Gestion de la dette du Sénégal : El Malick Ndiaye privilégie une approche souveraine

Le cap est désormais clairement fixé au sommet de l’État sénégalais. Lors d’un rassemblement lundi à Dakar, le président de l’Assemblée nationale, El Malick Ndiaye, a réitéré avec fermeté que le Sénégal ne soumettrait pas sa dette publique à une restructuration. Le chef du Parlement prône une stratégie d’autonomie, privilégiant des arbitrages budgétaires internes plutôt que des pourparlers avec un collectif de créanciers. Cette orientation confirme la trajectoire choisie par l’exécutif suite à la réévaluation, fin 2024, de l’endettement réel du pays, apparu plus élevé que les estimations initiales.

Une doctrine économique axée sur la crédibilité financière

Depuis plusieurs mois, le refus de renégocier la dette est devenu un pilier de la politique économique portée par le duo Bassirou Diomaye Faye et Ousmane Sonko. Pour les décideurs sénégalais, s’engager dans une restructuration équivaudrait à admettre un défaut de paiement, ce qui ternirait durablement l’image du pays auprès des investisseurs internationaux. El Malick Ndiaye a soutenu cette vision en affirmant que le Sénégal possède les ressources nécessaires pour respecter ses échéances financières. Selon lui, cette décision est avant tout un acte politique fort qui dépasse les simples calculs comptables.

Cette détermination s’oppose toutefois aux suggestions de certains partenaires financiers. Le Fonds monétaire international (FMI), qui a mis en pause son programme avec Dakar après la révision des données de la dette, insiste sur l’importance de retrouver un équilibre budgétaire. Parallèlement, les agences de notation ont revu à la baisse la note souveraine du Sénégal, augmentant ainsi le coût des futurs emprunts sur les marchés mondiaux.

Les leviers de la souveraineté économique

Pour concrétiser cette gestion autonome, El Malick Ndiaye et le gouvernement misent sur plusieurs axes stratégiques :

  • Élargissement de la base fiscale pour accroître les revenus de l’État ;
  • Rationalisation rigoureuse des dépenses publiques ;
  • Révision de contrats jugés défavorables pour la nation ;
  • Exploitation des ressources naturelles, notamment via les champs pétroliers de Sangomar et gaziers de Grand Tortue Ahmeyim.

Bien que ces gisements soient prometteurs pour les finances publiques, leur impact immédiat sur la réduction de la dette reste à confirmer. Actuellement, le ratio de la dette sur le produit intérieur brut (PIB) dépasse les limites fixées par l’UEMOA (Union économique et monétaire ouest-africaine). L’objectif est donc de dégager des marges de manœuvre sans rompre avec les bailleurs de fonds traditionnels, alors que le remboursement des intérêts pèse lourdement sur le budget national.

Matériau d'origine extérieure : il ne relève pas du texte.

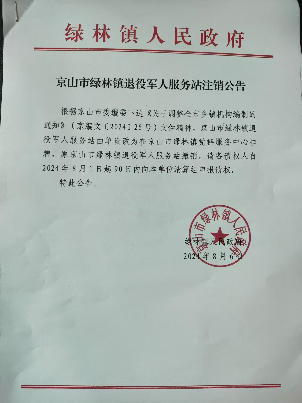根据京山市委编委下达《关于调整全市乡镇机构编制的通知》(京编文〔2024〕25号)文件精神,京山市绿林镇退役军人服务站由单设改为在京山市绿林镇党群服务中心挂牌,原退役军人服务站撤销,请各债权人自202
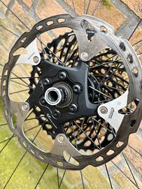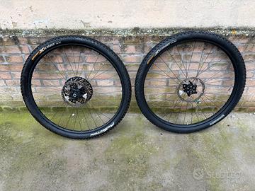 Vendo coppia di ruote mtb 29 NON BOOST leggerissime 32 raggi in alluminio mozzi FRM anteriore Venus posteriore Meteor comprese di dischi shimano da 180 mm come si vede nella foto il cerchio posteriore e' da sostituire .. consegna a mano
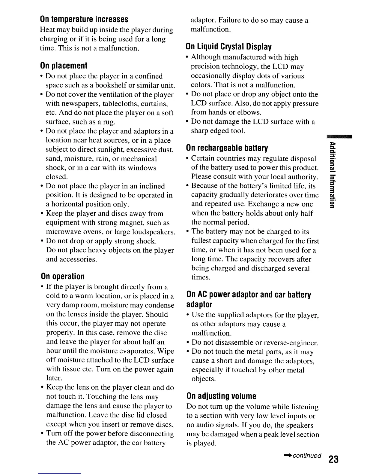• Do not place the player and adaptors in a

Un message fort aux investisseurs et à la population

La déclaration du président de l’Assemblée nationale vise plusieurs objectifs. Il s’agit d’abord de rassurer les marchés financiers sur la fiabilité du Sénégal en tant qu’emprunteur. Ensuite, ce discours répond aux attentes des citoyens en honorant la promesse électorale de rupture avec la dépendance financière extérieure. Enfin, au niveau régional, Dakar affirme son leadership en matière de souveraineté économique.

L’efficacité de ce pari dépendra de la capacité du gouvernement à produire des résultats concrets dans les prochaines lois de finances. Si un retour vers le FMI n’est pas à l’ordre du jour sous sa forme habituelle, les analystes restent attentifs à d’éventuels ajustements techniques pour sécuriser des financements à taux préférentiels. Pour El Malick Ndiaye, il s’agit de prouver la viabilité du modèle défendu par le Pastef, en inscrivant cette gestion dans une vision de long terme pour la nation sénégalaise.